En español | Assistance for people with vision impairment has come a long way in recent years. Before tech transformed health care, the main option for vision assistance was magnifying lenses. Today's tools include not only better magnification devices, but also apps and other products that use audio or tactile, rather than visual, feedback.
“These kinds of things put the zest and joy back in life for people who think they’ve had to give up some things,” says Neva Fairchild, an independent living specialist with the American Foundation for the Blind who is herself visually impaired. Fairchild was able to read a Valentine's Day card from her daughter for the first time this year using an app called Seeing AI (more on that below).
Among the latest and most interesting innovations:
Improved electronic devices
Many easily accessible and fairly inexpensive electronic devices, such as iPads and Kindles, have integrated features that help those with vision impairment, such as font enlargement — a huge help even for people who develop the common presbyopia that comes with aging. Dictation technology for smartphones is improving too, says Fairchild. “I can do a lot with my iPhone without ever using my hands to interface with the screen.”
These devices allow you to place printed materials on a scanner and see them, magnified, on a screen. “They can be handheld, making them easy to use for spotting, and portable, or mounted on a stand, which helps when reading for a longer period of time,” says Ming Wang, an ophthalmologist and founder of Wang Vision Cataract and LASIK Center in Nashville, Tenn. The stand-mounted magnifiers often have a text-to-speech function, which reads the text aloud (a capability known as optical character recognition or OCR). Some can also convert black text on a white background to white text on black, which is easier for some people to read. Popular models include the Pebble HD (which is handheld) and the Merlin elite (used on a desktop).
Victor Reader Stream
This lightweight, handheld device plays DAISY digital talking books, EPUB e-books, MP3 and MP4 files, and other media formats. “It’s like a library in your pocket, about the size of a deck of cards,” says Fairchild. Victor Reader Stream, which is made by Humanware, also provides access to more than 36,000 web radio stations and has built-in Wi-Fi capability. “Say you’re at the hair salon listening to a book and you get to the end,” she adds. “Now you can wirelessly download something else in a matter of minutes.”
Created to help make everyday tasks easier, this free app features a tag-and-scan system that allows users to place their smartphone on any type of tag — from a nutrition label on a can of soup to washing instructions on a blouse — and hear the instructions read aloud. You can also create tags (about the size of a postage stamp) to place on objects around the house. “I can enter whatever information I want or need into the tag, such as ‘This is a red shirt and matches my khaki, gray and navy slacks,’ or ‘For toasting a bagel, turn the dial on the toaster all the way to the right,’” says Fairchild. Coming soon: tags in public places that allow you to, say, get the layout of a public restroom so you can navigate it more easily.

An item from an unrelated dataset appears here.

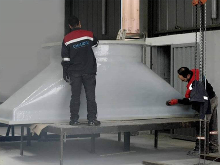 Chaudro Plus maîtrise la fabrication d’équipements bi-composants en thermoplastique et stratifié, une combinaison qui permet d’allier la résistance chimique du thermoplastique et la fibre de verre pour des performances optimales.
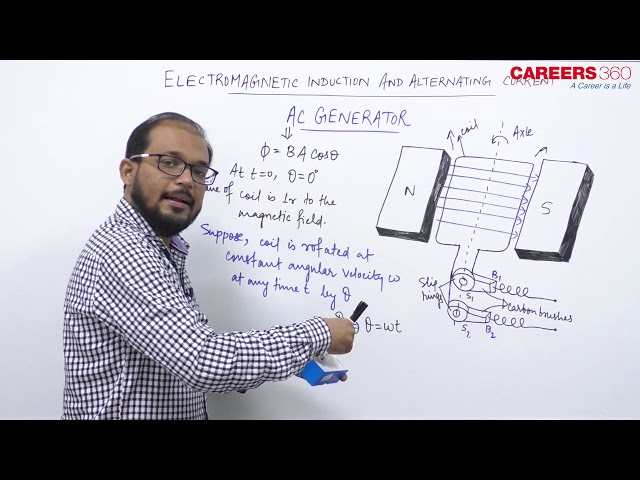 - Brushes: Two carbon brushes $\left(B_1\right.$ and $\left.B_2\right)$, are pressed against the slip rings. The brushes are fixed while slip rings rotate along with the armature. These brushes are connected to the load through which the output is obtained. the coil is determined by Fleming's right-hand rule.

This free app reads short pieces of text out loud. “You hover the device above an envelope, for example, and you can see whether it’s for you or your spouse or a neighbor,” says Fairchild. “It’s not perfect, but it’s closer than what I can get with my eyes.” Another use: The app can read handwriting. “The post office has been using this technology for years to scan and direct mail quickly, and now it’s available to the public,” adds Fairfield.
Be My Eyes
When you need to find the corn muffin mix in the pantry or determine whether your polo shirt is white or navy, you can use this free app to connect to a sighted volunteer. “That person uses your phone camera or a photo you send and tells you what they see,” says Fairfield. “The person will help you for a short amount of time.”
If you need help for a longer period (up to 30 minutes) or from someone who has more knowledge than a volunteer, you can purchase a subscription to Aira, which connects you to a trained agent. Say you rode the bus and got off at a stop that doesn’t feel right. “You can call Aira and the agent can pinpoint your location and look around with your phone camera to see where you are. He can say, ‘The street you want is to your right another block. Let’s walk that way together.’” Other uses: Agents can help you navigate through airports to find your gate or orient yourself in a theater to help you find your seat.
This “walkie-talkie app,” which allows users to connect with one other person or up to 1,000 people around the world through a smartphone, tablet or computer, wasn’t developed for people with vision impairments but has become popular among them. “It’s more like the audio version of texting, except it’s super-fast and lets you hear the person’s voice in real time,” says CEO Bill Moore. It’s also become a go-to app in times of crisis, he says, such as fires and storms. And it allows for easy communication among people who have similar interests. One example of a community that has come together via Zello: a group of Apple enthusiasts who are also sight-impaired. They started out discussing technology but evolved to share information on non-tech topics (such as how to deal with people at a bus stop who may not know the user is blind). Zello was introduced in 2012, but recent enhancements improve functionality by simplifying or eliminating navigational steps on screen. Other walkie-talkie apps include HeyTell and Voxer.